At a very simple level it means that we are motivated by the difference we make in the world, not by the profit we make. The tricky thing is, how do we measure this?
What has emerged so far is that we know Loomio has impact at different levels:
- the number and diversity of people participating on Loomio,
- the number of decisions being made etc.
These are easy to measure.
But after that, the indicators such as quality of decisions being made and how we can measure improvement in quality gets a bit more tricky. Loomio will get to the point where we can measure the impact we have at a macro level, e.g on citizens opportunity to participate in local democracy, or input into policy, or the ways decisions are made through local council at the neighbourhood level.

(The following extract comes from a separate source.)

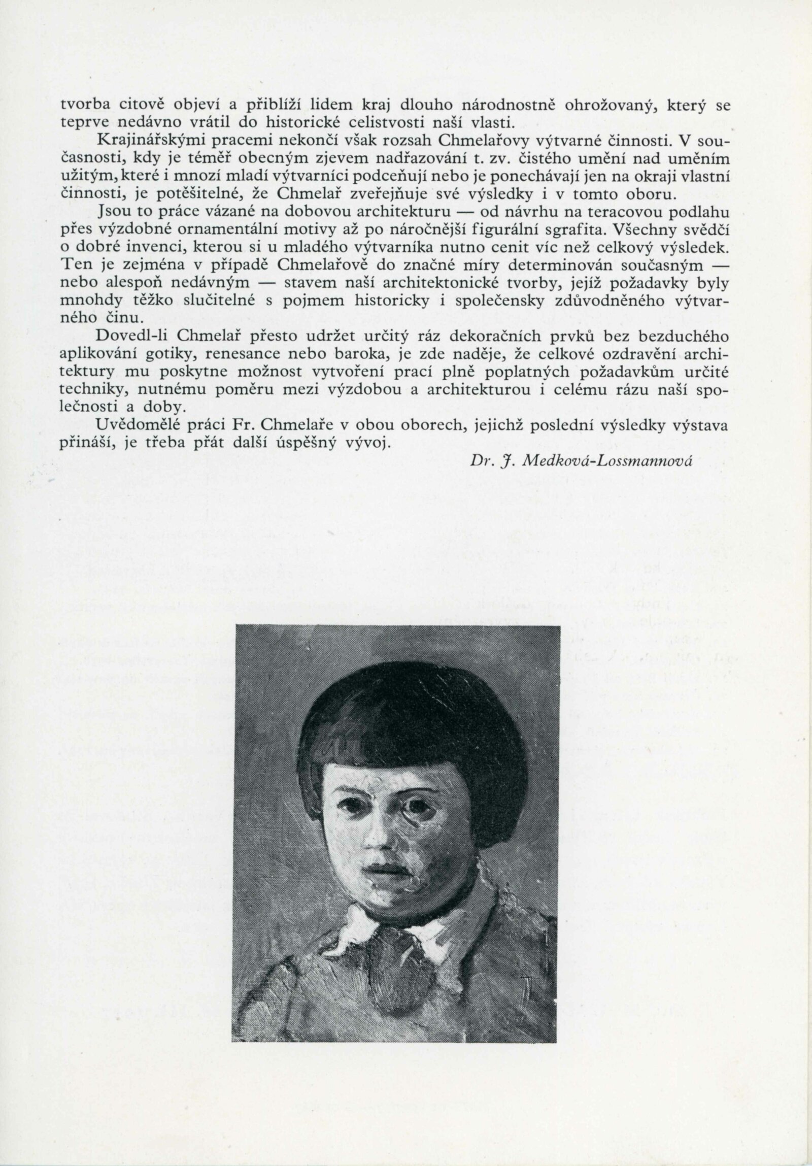 František Chmelař. Výstava prací z let 1954–1956: Dům umění města Brna, Malá galerie, 3. 3. – 28. 3. 1957 / Text: Jiřina Medková-Lossmannová. – Brno: DUmB, 1957. – 4 s., obr., životní data, DU 277. – MZK; MG; AMB; MMB

What social impact do you want to see in five years time, as a result of Loomio?
I think within the organisations that people organise themselves into – workplaces, community groups, schools, cooperatives, political parties – in five years time people will expect to be involved in many decisions and expect that tools are available to make that happen. The idea that a small number of people make the decisions that affect very many people in the world: that will be an idea whose time has gone.
I think this cultural change in the expectations of citizens will fundamentally change the way society works. My hope is that the five year plan might exceed our expectations and that hundreds of millions of people have access to tools that make it possible for them to be involved in the decisions that affect them.